Настя вышла из машины в сопровождении Штихеля и Сани, последний держал в руках небольшой чемоданчик с кодовым замком.
– Ну, где тут кино снимают? – весело спросил у Насти Штихель.
– Этого, Веня, не знает никто. Где-то умудряются, – пожала она плечами.
Двор производил впечатление полного запустения. Кроме них троих во дворе, ограниченном корпусами студии, очень просторном, с заросшим густыми кустами сквериком в центре, не было ни души. И ни одной машины.

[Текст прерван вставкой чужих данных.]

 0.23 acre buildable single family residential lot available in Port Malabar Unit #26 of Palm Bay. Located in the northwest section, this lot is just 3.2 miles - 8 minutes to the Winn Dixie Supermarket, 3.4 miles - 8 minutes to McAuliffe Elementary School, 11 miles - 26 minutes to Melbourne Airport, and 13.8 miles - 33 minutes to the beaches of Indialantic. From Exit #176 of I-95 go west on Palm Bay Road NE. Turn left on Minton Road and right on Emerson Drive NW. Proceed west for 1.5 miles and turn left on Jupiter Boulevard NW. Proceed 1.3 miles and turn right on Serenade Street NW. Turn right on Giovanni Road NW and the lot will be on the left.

– Пошли, – сказала Настя, – в офис.
Они двинулись вглубь коридора-тоннеля, производящего какое-то сюрреалистическое впечатление той же пустотой и ощущением заброшенности, словно вымерли все, кто когда-то бегал здесь с пачками документов, с тележками, на которых стояли камеры, с яуффами, набитыми отснятой и проявленной кинопленкой: режиссеры, актеры, гримеры, костюмеры, светотехники, рабочие, беспрерывно передвигающиеся в студийной суматохе по этому коридору день и ночь, – жизнь на студии не затихала ни на минуту, и в любое время суток здесь царила наполовину деловая, наполовину весело-хмельная суета – все куда-то исчезли, не оставив после себя ни малейшего следа. Исчезли вместе с «важнейшим из искусств…»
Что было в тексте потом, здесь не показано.